FASOP: Fast yet Accurate Automated Search for Optimal Parallelization of Transformers on Heterogeneous GPU Clusters

This repository contains FASOP, a framework that automates the process of finding the optimal degrees of parallelism and model partitioning for Transformer-based models on heterogeneous GPU clusters. FASOP accurately estimates pipelining latency and GPU communications, enabling it to find configurations that minimize the cost of GPU clusters while satisfying training time constraints, or configurations that minimize training time while meeting cost constraints. FASOP supports a variety of Transformer-based models and uses advanced algorithms and techniques to rapidly and accurately estimate device configurations.

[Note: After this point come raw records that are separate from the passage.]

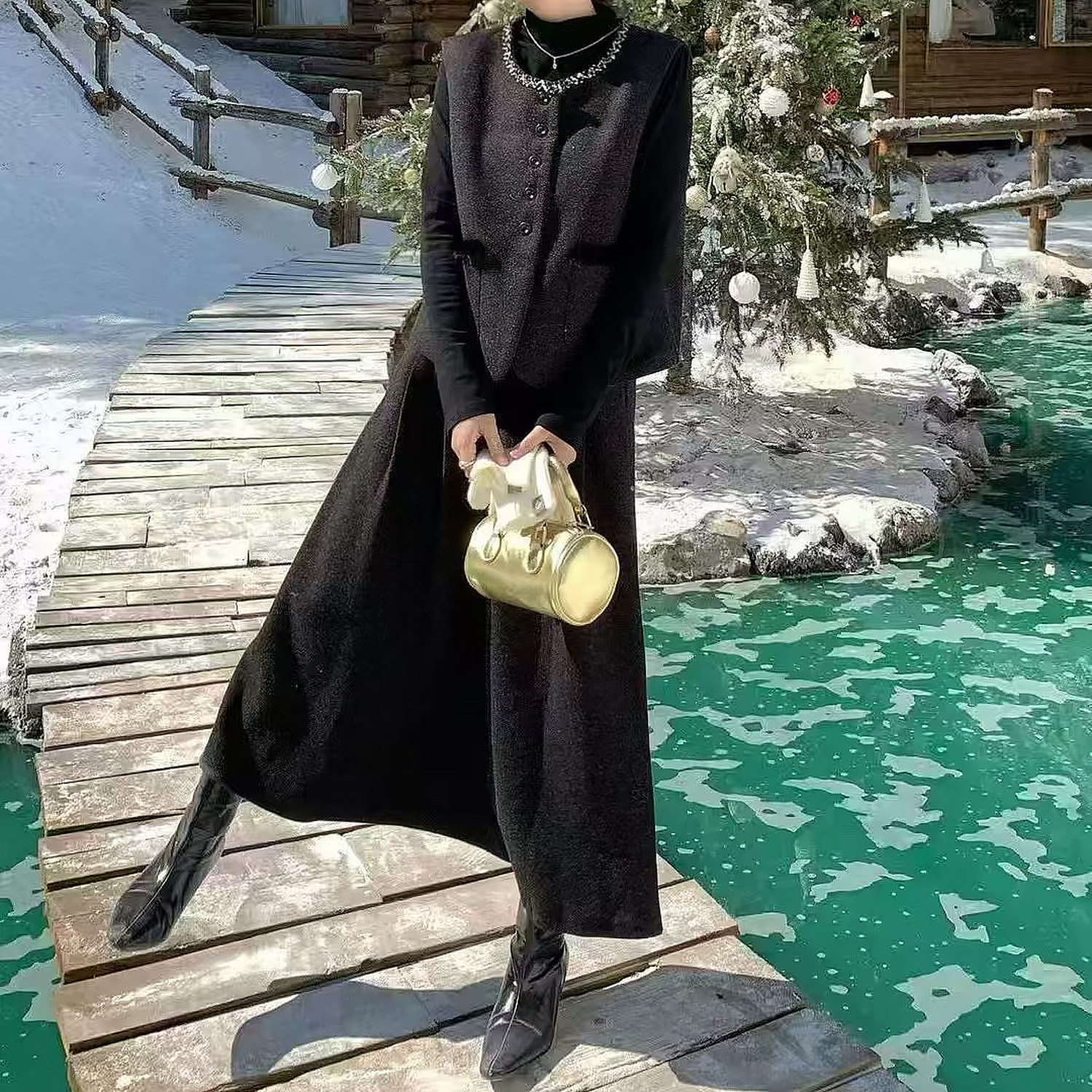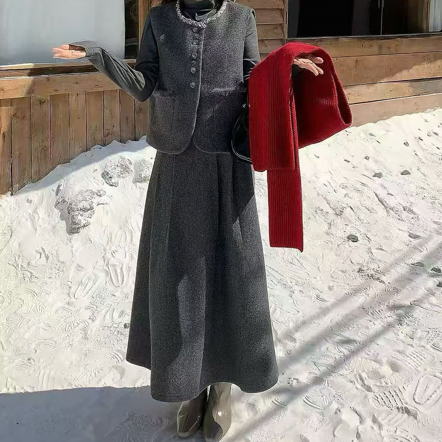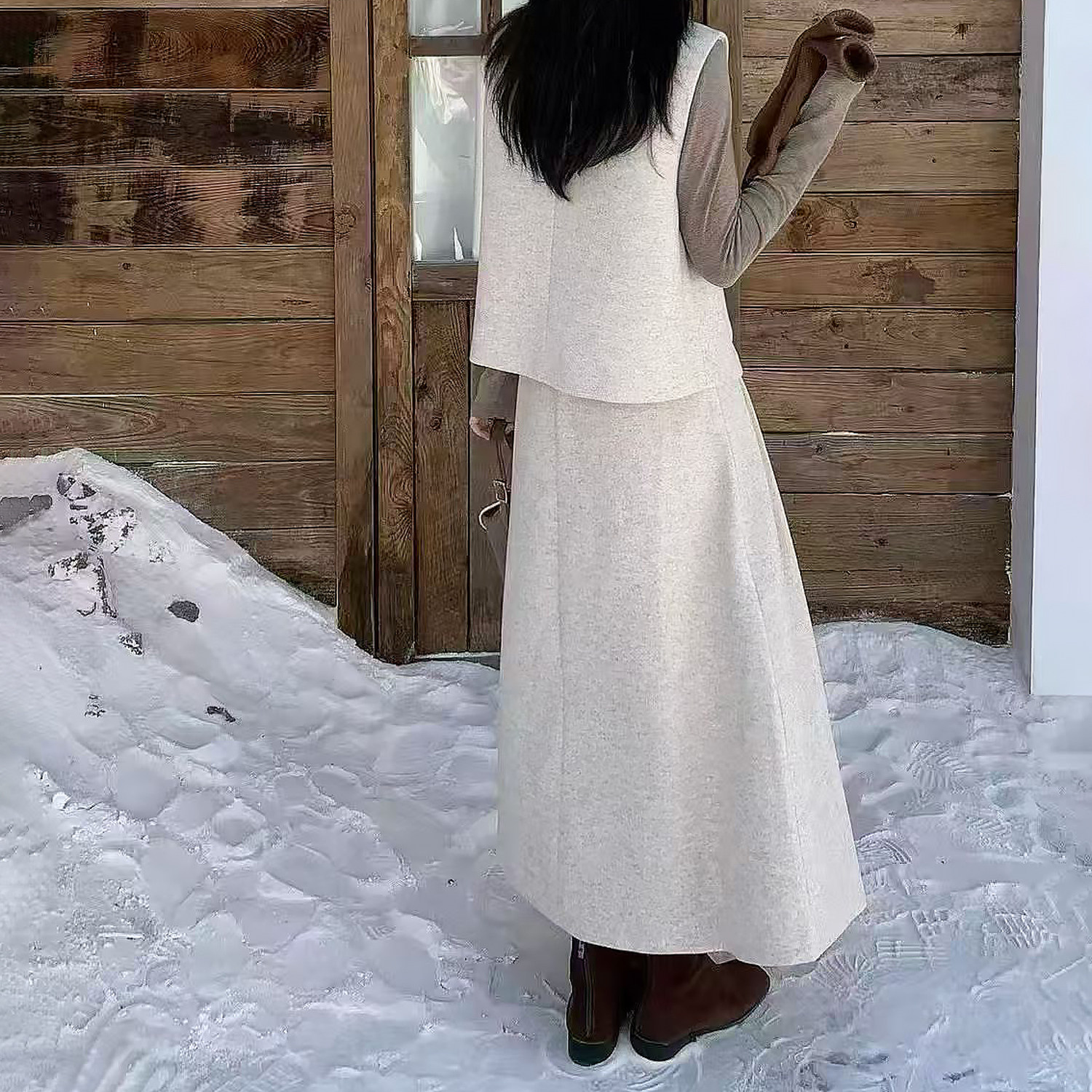 实拍 淑女风小香风毛呢马甲三件套装裙女秋冬轻奢名媛半身裙套装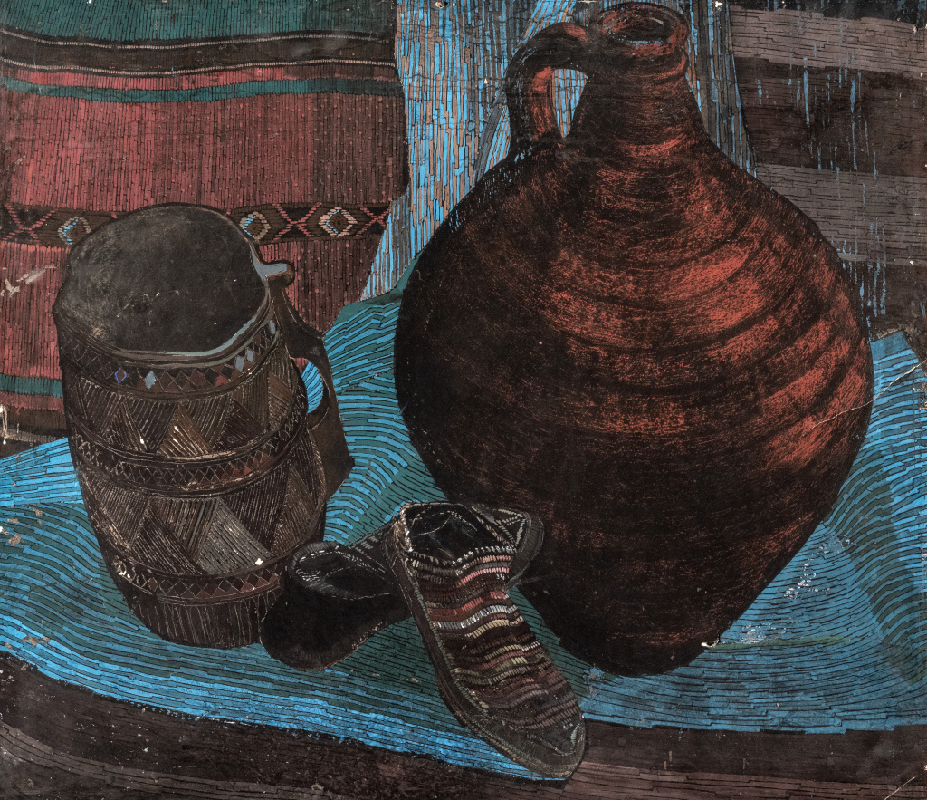 Bela Berdzenishvili’s artistic legacy is a multifaceted, stylistically distinctive phenomenon in the history of Georgian art. Her works are distinguished by a unique sense of form and color, as well as a refined rhythmic balance of line and composition. The artist’s thinking combines painterly and graphic qualities, lending her creations a simultaneously monumental and narrative dimension.
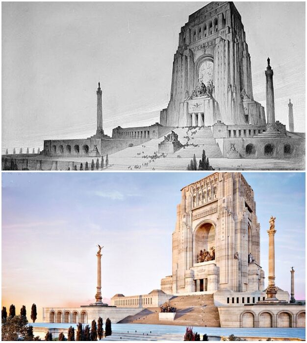 Хотя мемориал обещал быть грандиозным и действительно величественно прекрасным учитывая, что высота арок, находящихся внутри монумента, составляла 90 м. и это, не говоря о скульптурах, колоннах, портиках, изобилии изысканного декора и белого мрамора.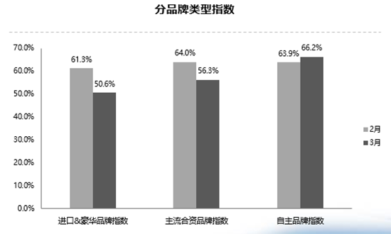 品牌方面,進(jìn)口&豪華品牌、合資品牌指數(shù)較上月有所下降;自主品牌指數(shù)則居高不下。郎學(xué)紅表示,雖然庫(kù)存預(yù)警指數(shù)整體較高,但是進(jìn)口&豪華品牌已經(jīng)接近臨界值,品牌分化現(xiàn)象變得愈加明顯。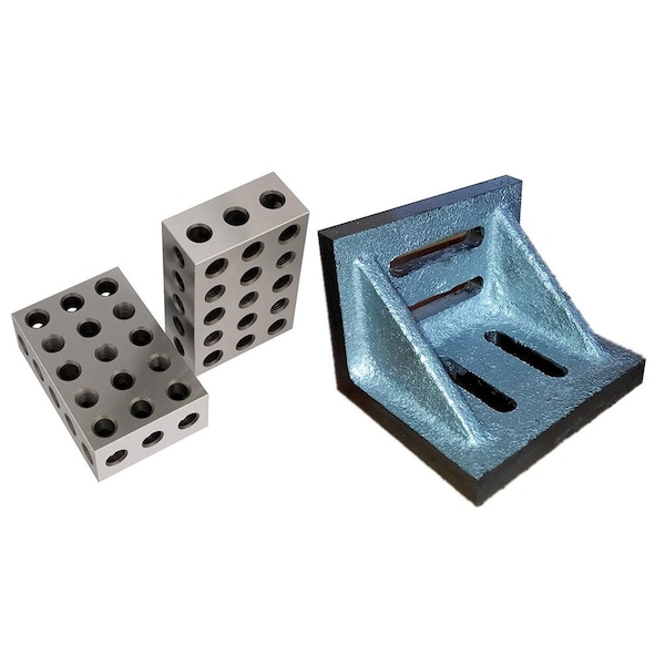 HHIP 3 X 25 X 2 Webbed Slotted Angle Plate 123 Block Set Matched Pair The angle plate is made of high tensile cast iron properly seasoned against distortion The angle plate clamping slots are widely used for machining, layout and inspection This angle plate is accurately machined and ground square and parallel on outside and ends The 123 block set is heat treated and case hardened to HRC 55 to 60 and is hardened and precision ground on all 6 sides of each block These 123 blocks have an accuracy with squareness on all sides within 0002 per inch There are 23 holes on each block that consists of 5 tapped holes that are 3816 for clamping and 18 untapped holes The 123 blocks have a cross drilling design which gives them minimum weight and maximum strength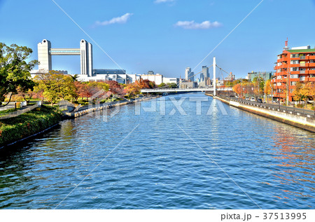 名古屋熱田区都市風景 熱田記念橋から名古屋国際会議場と名古屋駅中心部を望む
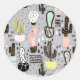 Hand Drawn Textured Cactus Pattern Classic Round Sticker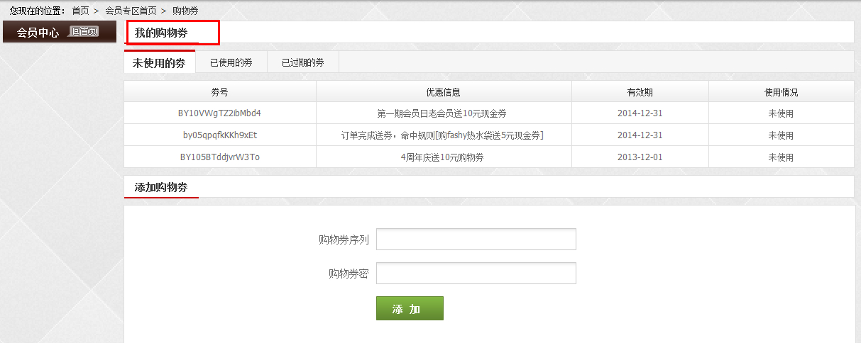 直接发送到用户账户中心的优惠券可以通过登录您的账户,在“会员首页”点击“优惠券”查看你所获得的优惠券明细。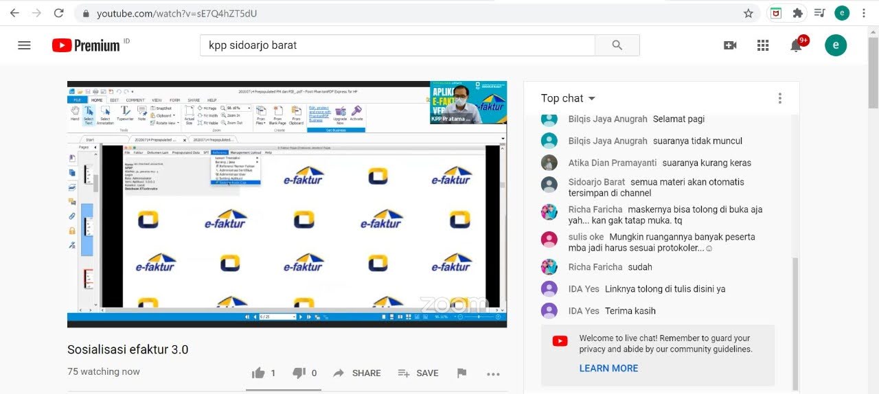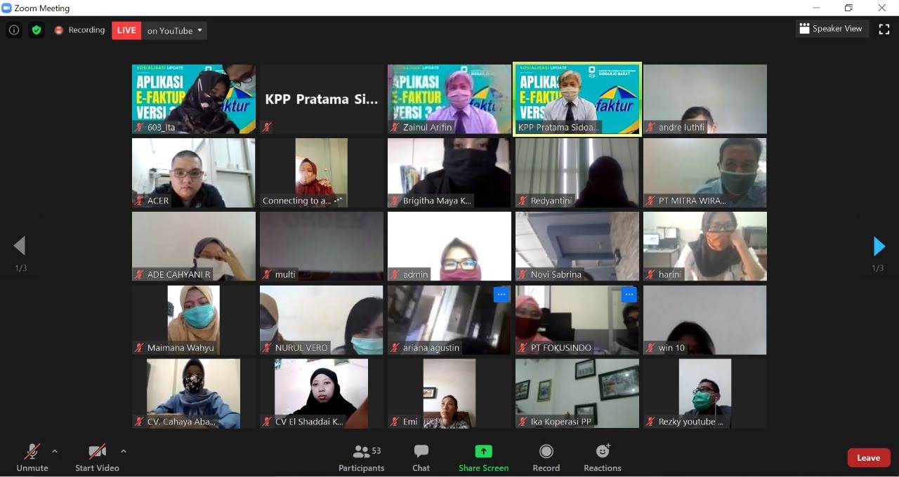 Sekitar 150 Wajib Pajak KPP Pratama Sidoarjo Barat mengikuti sosialisasi Aplikasi e-Faktur versi 3.0 melalui Zoom Meeting di Sidoarjo (Rabu, 23/9). Sosialisasi ini juga ditayangkan secara langsung dan diunggah ke kanal Youtube KPP Pratama Sidoarjo Barat sehingga wajib pajak yang tidak mengikuti webinar tetap dapat menonton video tersebut.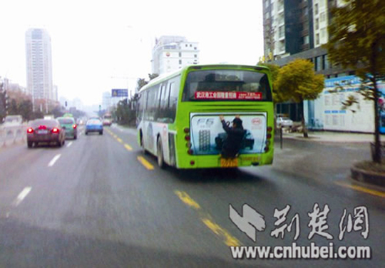 12月15日下午2时许,武昌读者方先生在秦园路路口看到,一名中年男子竟扒在一辆公汽后面,十分危险。方正 摄

🎉Our work was accepted and presented at HPDC 2024

Usage

This repository includes the FASOP framework, which can be used for the following two purposes:

(1) Finding Optimal Parallel Strategy for GPT on Heterogeneous GPU Clusters. (2) Launching practical distributed learning using Megatron-LM based on the results from FASOP.

Reproducing the Experiments from [FASOP: Fast yet Accurate Automated Search for Optimal Parallelization of Transformers on Heterogeneous GPU Clusters]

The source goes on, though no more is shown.